How do you train the dog to run away form you , then down?

" The dog is also asked to run in a straight direction from its handler on command and lie down on a second command. "


----------



## lhczth (Apr 5, 2000)

I teach a dog first to mark and go to a location using food. Then I move outside using a toy, show the the toy (usually a ball) on a small stand or a hanging tree, tell them mark and send them. As they learn the idea, I move farther away. Then I add in heeling, halts, before sending. Then I do blind send outs without the ball. Then I chain the send out with the retrieves. 

I do the down in two ways. First I will ask the dog to down when it gets the ball at times. I also work random downs away from the exercise using toys and either a long line or an e-collar if needed (some dogs are very compliant and will down despite the drive to chase the ball). 

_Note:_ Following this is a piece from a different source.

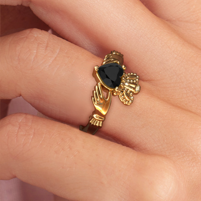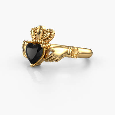 This Irish Claddagh ring is a sign of love set with a heart black diamond. It is a remarkable, symbolic ring in which a crowned heart, held by two hands, is shown. The heart of a Claddagh ring is a symbol of love, the hands represent friendship and the crown, loyalty. A beautiful piece of jewelry to either give or receive! This symbolic 14 Carat gold Claddagh 2 ring is made by hand in our own studio by our expert goldsmiths. The symbolic Claddagh 2 ring, as shown here, can be customized to your liking. Our online tool offers many different options but please feel free to contact us if you want changes made to your Claddagh 2 ring, which are unavailable in our online tool.After receiving your order, our goldsmiths will start the creative process of making your Claddagh 2 ring. We don't keep stock. This is advantageous because these costs will not be passed on to you. Therefore, we can offer jewelry at exceptionally low prices.To make it easier for you, we offer a 30 day return policy. Check our terms and conditions.

Last thing I do is put the down with the send out. On the day I do this, there will be no ball there since I don't want the dog to be rewarded for being wrong. If they down, I go out to them, pretend to remove the ball from the tree, go to my dog and reward it. Sometimes I actually hang the ball (with my back to the dog), pick up my dog, turn around, and send them. I NEVER just send them after they have downed. I usually do it from a closer distance so I can run after my dog (haha run) and make sure they down and don't just run around searching (the reason why I never put a toy on the ground). Then it becomes random where most days I send the dog with the toy and then I will throw in a down (no toy) like in a trial. Depending on the dog I don't do these very often. Some dogs are harder to stop especially when judges wait until they are almost to the end of the field. These dogs might see the down more often. The random downs are very important, though. Nike never saw a down on a send out until the two times I trialed her. Vala, on the other hand, saw quite a few. LOL


----------



## gsdluvr (Jun 26, 2012)

She is nuts for food. I started by putting her dinner across the yard. Then made her sit. Walked back to her and gave the command. I did this a lot as a beginning. then when her ball drive kicked in, I hung the ball tree with ball hanging so she could see it after I revved her up with the ball. Led her back to the starting point, and got her super excited to go after it, then let her go. I just kept increasing the distance until she would run knowing it was there. Now when I take her to the field. I hang the ball way down before I take her out of the car, get her in the starting position, heel and send her. So, even when she doesn't see me put it, she believes it's there.

I have only platzed her a couple of times because she is not the highest drive dog and I need to build speed. If I did too many downs, she might be anticipating my command and not run fast. Like Lisa, I don't put the ball on the ground for the same reason.


----------



## lhczth (Apr 5, 2000)

Always a fine line between downing often enough and downing too often.


----------